- Spot silver is currently consolidating close to $25.00 amid conflicting signals from FX and bond markets.
- The precious metal is subdued ahead of key risks events next week including US ISM manufacturing and NFP.
Spot silver prices (XAG/USD), which currently trade lower by about 0.2% but have been swinging between gains and losses on Friday, are consolidating close to the $25.00 level. To the downside, the 200-day moving average (which resides at $24.64) seems to be offering some support, ahead of weekly lows close to $24.40. Spot silver looks likely to close out the week with losses of just under $25.00.
Driving the day
Silver is seeing consolidative trade on the final trading day of the week, likely as a result of the mixed signals being given off by FX and bond markets. Starting with the former, USD’s upside momentum appears to have faded somewhat with the DXY stumbling back from annual highs set on Thursday around 92.90 amid a better market risk tone. The fact that the dollar is not continuing to grind higher takes some pressure off spot silver prices.
However, a sharp rising in US government bond yields at the end of the week seems to be preventing the precious metals from gaining any ground; 10-year are up more than 5bps on the day to above 1.65%. However, this rise in yields is being caused by a rise in inflation expectations; while nominal 10-year yields are up over 5bps, real 10-year yields (the 10-year TIPS) is down more than 1bps to around -0.7%. When the difference between real and nominal yields rises, that means bond buyers are demanding higher compensation for inflation, which implies higher inflation expectations. Indeed, 10-year break-evens (the difference between the real and nominal 10-year yield) have surged to 2.35%, its highest level since the start of 2014. So whist higher nominal yields are typically precious metal negative, this is not the case when this is caused by inflation, given precious metals are seen as a hedge against inflation.

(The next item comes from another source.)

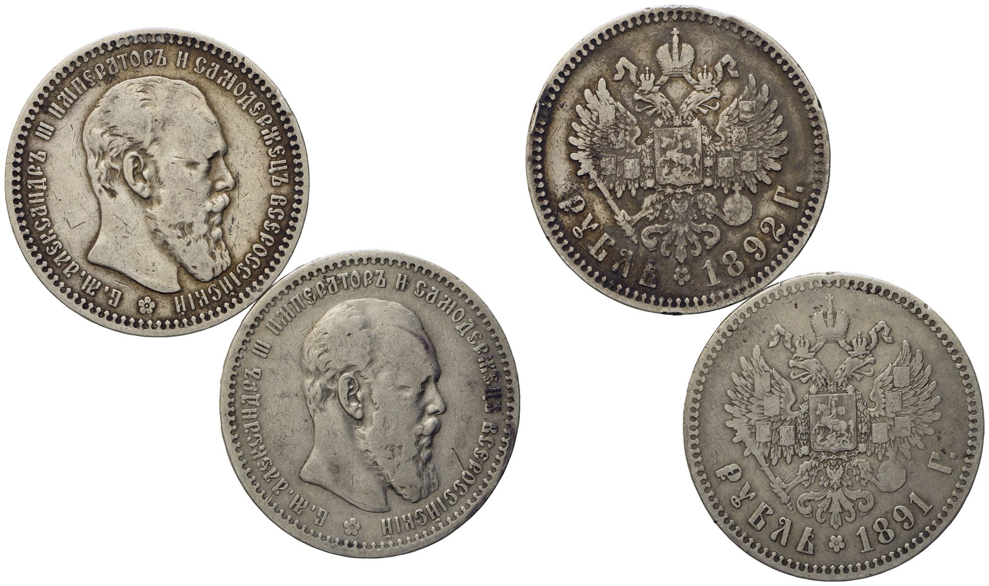 Lotto 66 | RUSSIA. San Pietroburgo. Alessandro III (1881-1894). Rublo 1891 - 1892. Lotto di due esemplari rari. Ag

In terms of news and fundamentals developments on Friday, there has not been too much of note; US Core PCE inflation and Personal Income & Spending data for the month of February did not reveal anything too surprising (inflation is was still soft, but is still expected to pick up in the coming months, while income and spending dropped as the boost from the January stimulus cheque wore off and amid bad weather).
Looking ahead, next week will be a biggy, what with quarter-end flows to contend with in the first half of the week and then US ISM Manufacturing and official BLS jobs data for the month of March out in the second half of the week. This should give yields, the dollar and, by extension, precious metals like silver some direction.